> [WORKING DATA]:
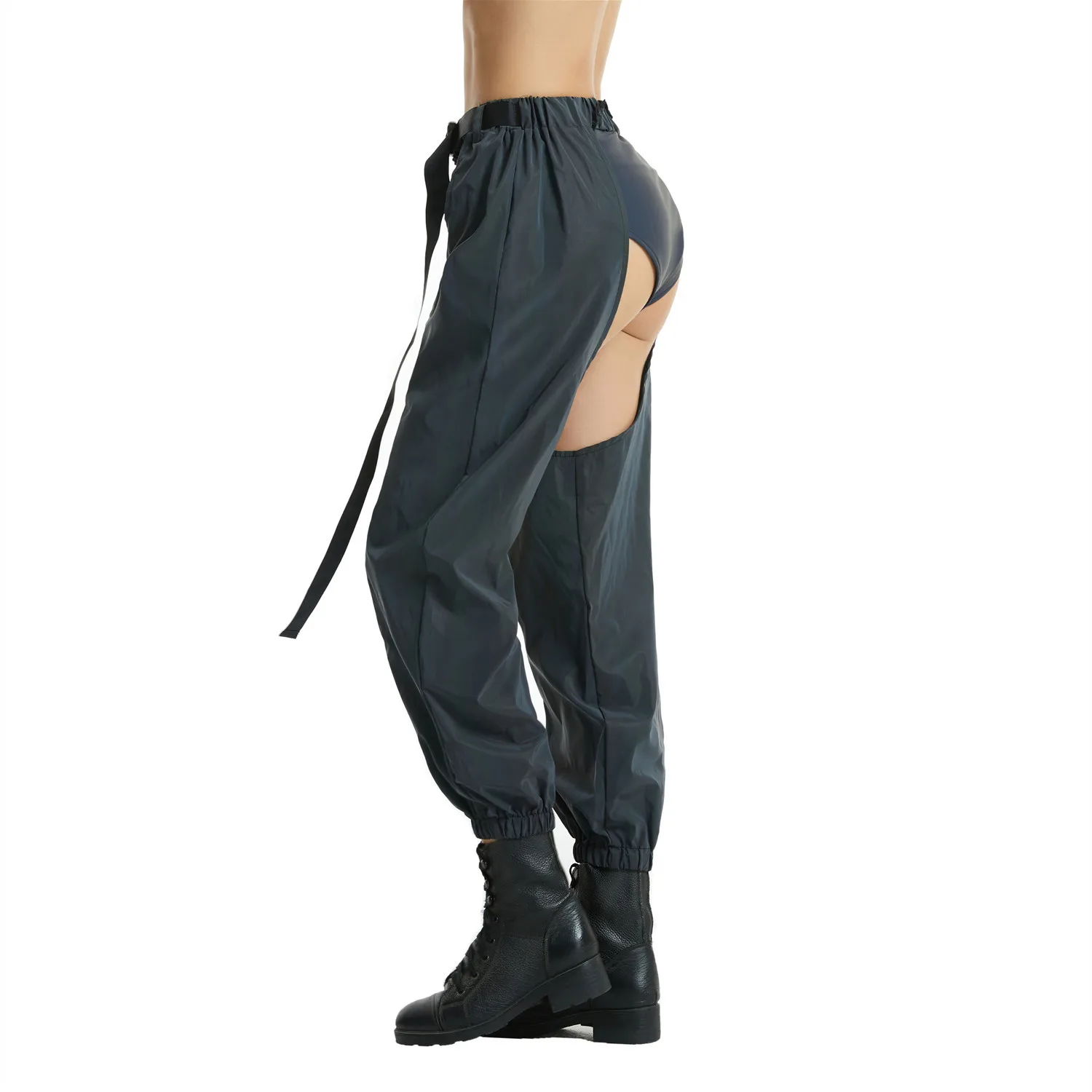 Crotchless Women Techwear Cargo Pants Colorful Reflective Hollow Out INS Harajuk
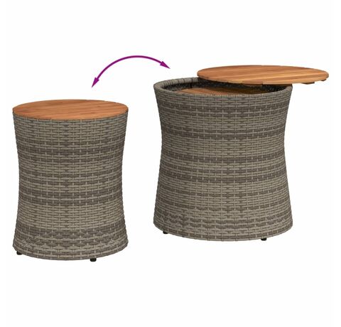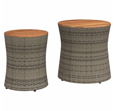 Mese laterale de grădină cu blat din lemn 2 buc. gri poliratan
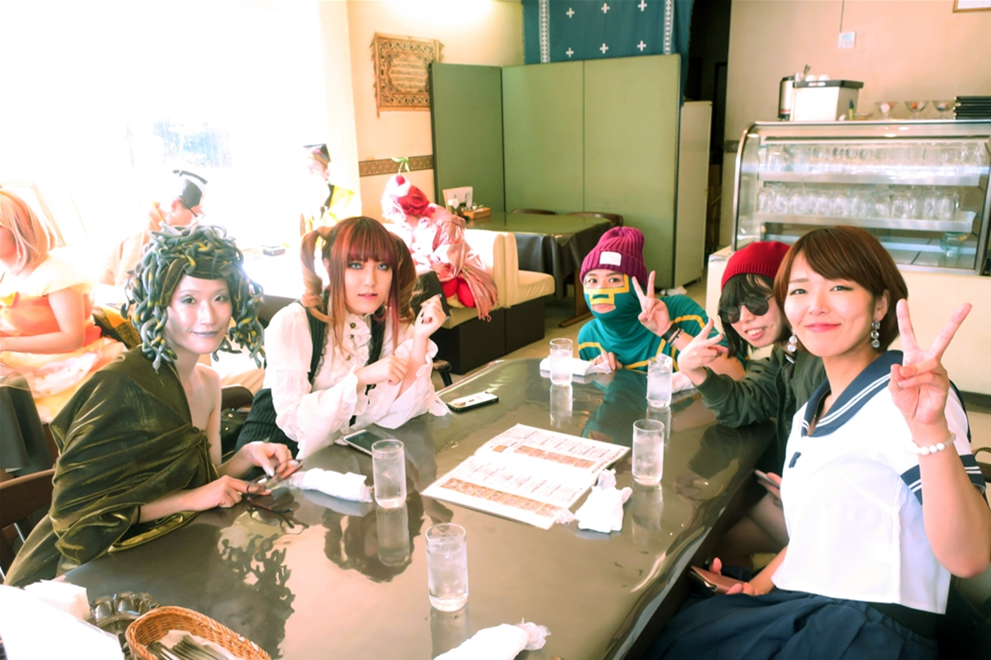 毎年お昼は仮装のままで食事に繰り出します。
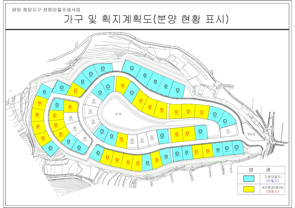 아래 획지계획도를 보면, 바다를 오른쪽으로 두고 조성된 모습인데, 나는 남향이 좋아 가장 아래쪽 라인을 생각하고 있었다. 기존 분양만 해도 아래쪽 라인은 좀 남아 있는 모습인데, 이번 4차 분양 때 한번에 다 계약이 되었다. 1차, 2차 때 워낙 계약이 안 이루어진 곳이기에, 주식으로 돈을 좀 불려서 계약을 하자는 생각이었는데...
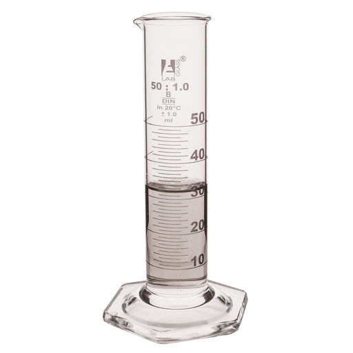 High quality borosilicate glass Detachable Hexagonal Base and Protective Collar. White graduation lines, marked every 5ml Tolerance ±0.05ml 6.75" ...
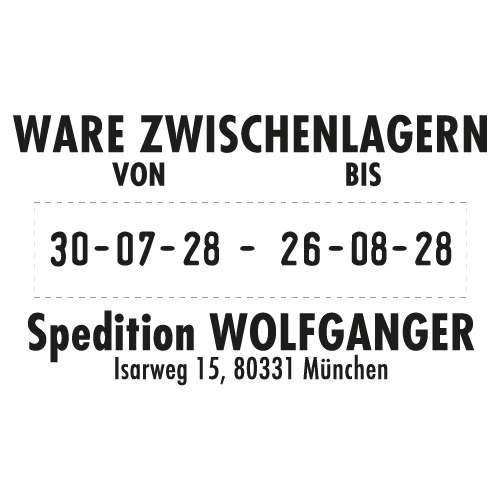 Er verfügt über eine 55 x 32 mm große Textplatte, die mit Text über und unter dem Datum gestaltet werden kann.
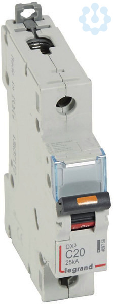 Legrand Leitungsschutzschalter DX3 nach EN 60947-2, 1-polig, C-Charakteristik, Bemessungsstrom In 20 A, Bemessungsschaltvermögen 25 kA nach EN 60947-2, Bemessungsspannung Un 230/400 VAC, Bemessungsfrequenz 50/60 Hz, Befestigung auf Hutprofilschiene EN 60715 durch zwei rastende Schnellbefestigungen, klare Information vorne auf jedem Gerät, eindeutige Schaltstellungsanzeige rot/grün, mit Beschriftungsfenster, mit Untersteckschutz zum sicheren Einführen des Leiters in Fahrstuhlklemme, Anbau von Hilfsgeräten möglich. Leitungsschutzschalter mit C-Charakteristik sind für den Leitungsschutz bei Geräten mit hohen Einschaltströmen (z.B. Motoren und Transformatoren) vorgesehen.

> [PROBLEM REQUIREMENTS]:
Although the records above contain pictures, the copy must not; set down exactly the lines from the one with "毎年お昼は仮装のままで食事に繰り出します。" up to and including the one with "아래 획지계획도를 보면, 바다를".

> [YOUR SOLUTION]:
 毎年お昼は仮装のままで食事に繰り出します。
 아래 획지계획도를 보면, 바다를 오른쪽으로 두고 조성된 모습인데, 나는 남향이 좋아 가장 아래쪽 라인을 생각하고 있었다. 기존 분양만 해도 아래쪽 라인은 좀 남아 있는 모습인데, 이번 4차 분양 때 한번에 다 계약이 되었다. 1차, 2차 때 워낙 계약이 안 이루어진 곳이기에, 주식으로 돈을 좀 불려서 계약을 하자는 생각이었는데...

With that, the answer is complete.